On Thursday, 15 October 2015 at 10:11:06 UTC, Andrei Alexandrescu
wrote:
Yes, and I am saying that it doesn't justify presence of
`synchronized`
keyword in the language at all, being historical legacy
misfeature.
For a while we were of the opinion that we should let
"synchronized" and "shared" be and move on with alternative
features. Now we believe an incomplete language definition is
damaging the language as a whole so we better make them fully
defined and useful within their charter.
Lock-based synchronization has plenty of good uses and the
scope locking defined by "synchronized" covers a large useful
subset of it. We need to make it usable safely and without
contortions, and this particular PR is a step along that way.
It's not a huge priority but since Andrej has only done the
work, the main concern left is breakage of existing code,
albeit much of that is incorrect or unnecessarily unsafe.
You are absolutely correct that incomplete definition is
damaging. I can also agree with "plenty of uses" but hardly with
"plenty of good uses" though. There are many situations of course
where efficient concurrency is not critical and one can go away
with straightforward mutex approach.

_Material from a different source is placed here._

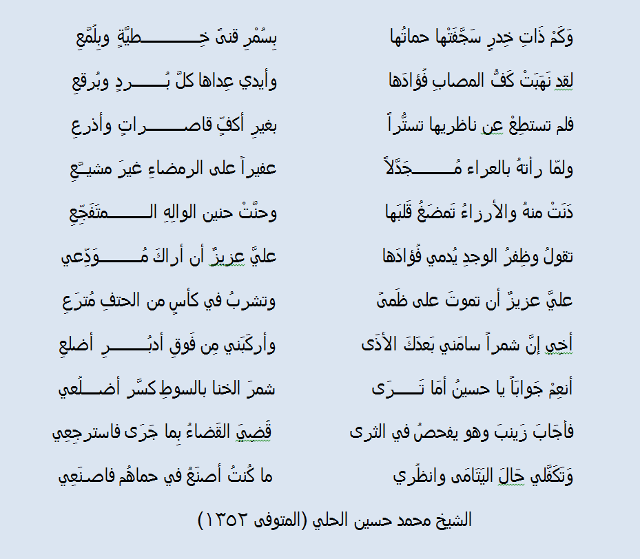 اعتلى جبل الابتلاء قبل مصرعه ورفع كف الدعاء :الهي عجت اليك الاصوات بصنوف اللغات ،فجازاه ربه الكريم بخلود سرمدي ، وعج اليه مختلف الافئدة تهوي الى ذلك الوادي ،باصناف لغاتها وبعد دارها ،وتجيب داعي الله بـلبيك يا حسين . أعجبني

But providing such semantics
as language builtin implies it is encouraged and "official"
approach and that is rather bad :(
To be honest I'd prefer it to go in "not really deprecated but
pretend it doesn't exist" trash bin like scope storage class is.
the main concern left is breakage of existing code, albeit much
of that is incorrect or unnecessarily unsafe.
This is a bit more delicate issue. This code is only incorrect
and/or unsafe if used in multi-threaded environment and those
fields are actually accessed. There isn't anything broken with
such code per se. I agree it should be fixed (with a proper slow
deprecation phase) but I am not happy about it.